╭─ Supplied material

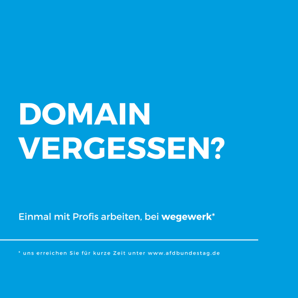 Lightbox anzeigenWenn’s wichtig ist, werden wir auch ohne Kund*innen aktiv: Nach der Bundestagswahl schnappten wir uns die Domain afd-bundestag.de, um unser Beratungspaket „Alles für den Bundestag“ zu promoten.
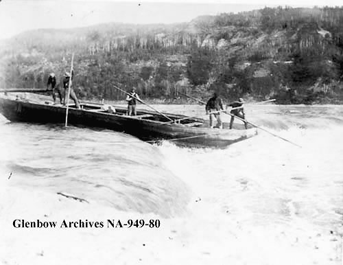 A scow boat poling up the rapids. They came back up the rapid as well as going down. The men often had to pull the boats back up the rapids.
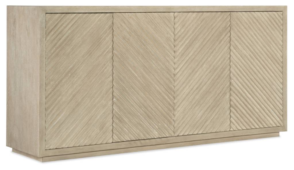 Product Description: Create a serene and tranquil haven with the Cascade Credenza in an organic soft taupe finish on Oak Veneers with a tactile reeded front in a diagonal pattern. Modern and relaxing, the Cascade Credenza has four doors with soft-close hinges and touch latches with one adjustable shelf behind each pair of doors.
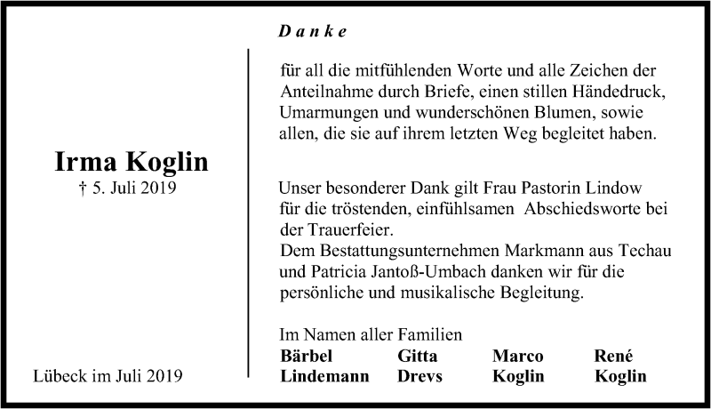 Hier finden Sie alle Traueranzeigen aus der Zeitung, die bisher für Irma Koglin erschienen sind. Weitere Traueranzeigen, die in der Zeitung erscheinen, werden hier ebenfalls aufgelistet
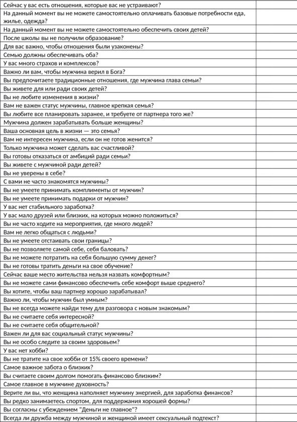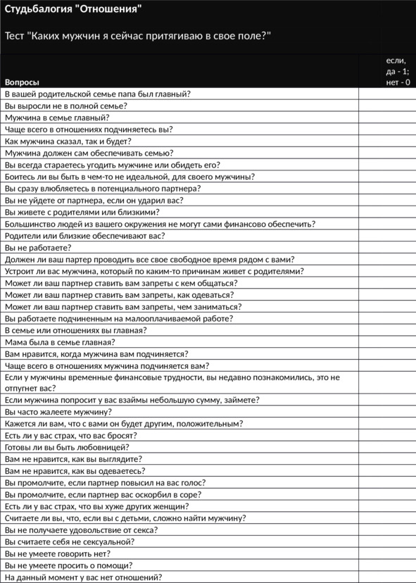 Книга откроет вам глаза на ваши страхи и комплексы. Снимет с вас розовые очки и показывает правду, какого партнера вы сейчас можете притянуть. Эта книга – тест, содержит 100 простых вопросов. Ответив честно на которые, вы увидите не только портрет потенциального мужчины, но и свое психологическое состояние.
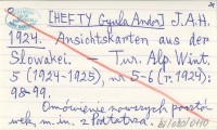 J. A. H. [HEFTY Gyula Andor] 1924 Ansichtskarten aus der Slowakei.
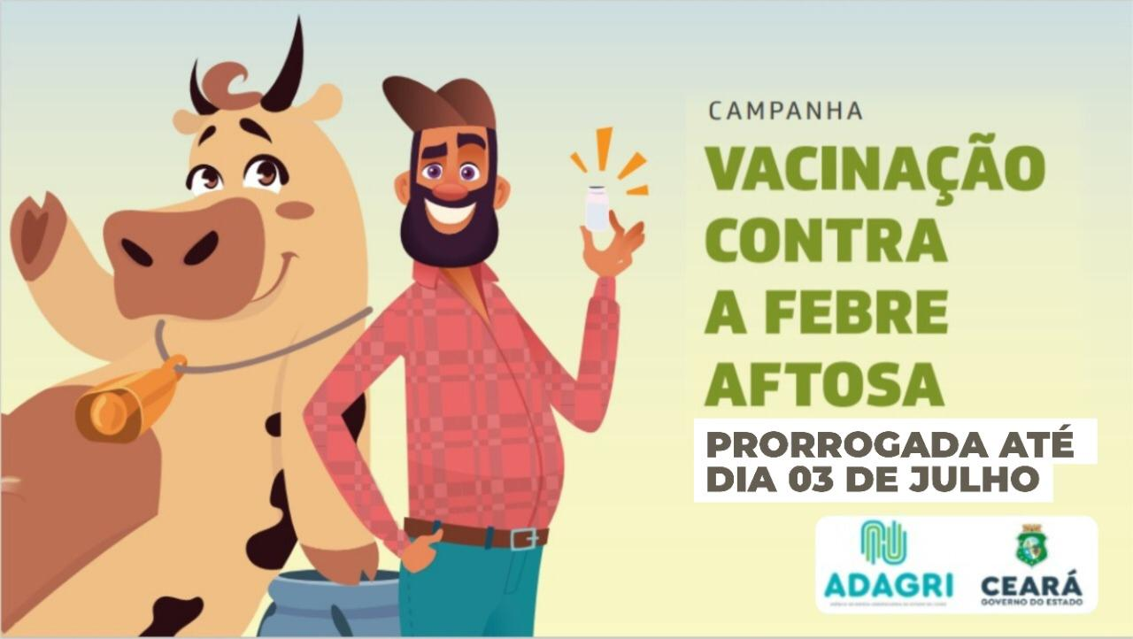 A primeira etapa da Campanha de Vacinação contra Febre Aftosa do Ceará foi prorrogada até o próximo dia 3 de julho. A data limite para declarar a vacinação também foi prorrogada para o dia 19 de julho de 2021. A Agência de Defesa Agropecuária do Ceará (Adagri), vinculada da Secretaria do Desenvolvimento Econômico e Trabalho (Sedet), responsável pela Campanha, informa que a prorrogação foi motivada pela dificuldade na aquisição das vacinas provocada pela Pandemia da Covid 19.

╰─

Your instructions:
Reproduce the whole listing above character for character; pictures do not belong in it.

Task answer:
 Lightbox anzeigenWenn’s wichtig ist, werden wir auch ohne Kund*innen aktiv: Nach der Bundestagswahl schnappten wir uns die Domain afd-bundestag.de, um unser Beratungspaket „Alles für den Bundestag“ zu promoten.
 A scow boat poling up the rapids. They came back up the rapid as well as going down. The men often had to pull the boats back up the rapids.
 Product Description: Create a serene and tranquil haven with the Cascade Credenza in an organic soft taupe finish on Oak Veneers with a tactile reeded front in a diagonal pattern. Modern and relaxing, the Cascade Credenza has four doors with soft-close hinges and touch latches with one adjustable shelf behind each pair of doors.
 Hier finden Sie alle Traueranzeigen aus der Zeitung, die bisher für Irma Koglin erschienen sind. Weitere Traueranzeigen, die in der Zeitung erscheinen, werden hier ebenfalls aufgelistet
 Книга откроет вам глаза на ваши страхи и комплексы. Снимет с вас розовые очки и показывает правду, какого партнера вы сейчас можете притянуть. Эта книга – тест, содержит 100 простых вопросов. Ответив честно на которые, вы увидите не только портрет потенциального мужчины, но и свое психологическое состояние.
 J. A. H. [HEFTY Gyula Andor] 1924 Ansichtskarten aus der Slowakei.
 A primeira etapa da Campanha de Vacinação contra Febre Aftosa do Ceará foi prorrogada até o próximo dia 3 de julho. A data limite para declarar a vacinação também foi prorrogada para o dia 19 de julho de 2021. A Agência de Defesa Agropecuária do Ceará (Adagri), vinculada da Secretaria do Desenvolvimento Econômico e Trabalho (Sedet), responsável pela Campanha, informa que a prorrogação foi motivada pela dificuldade na aquisição das vacinas provocada pela Pandemia da Covid 19.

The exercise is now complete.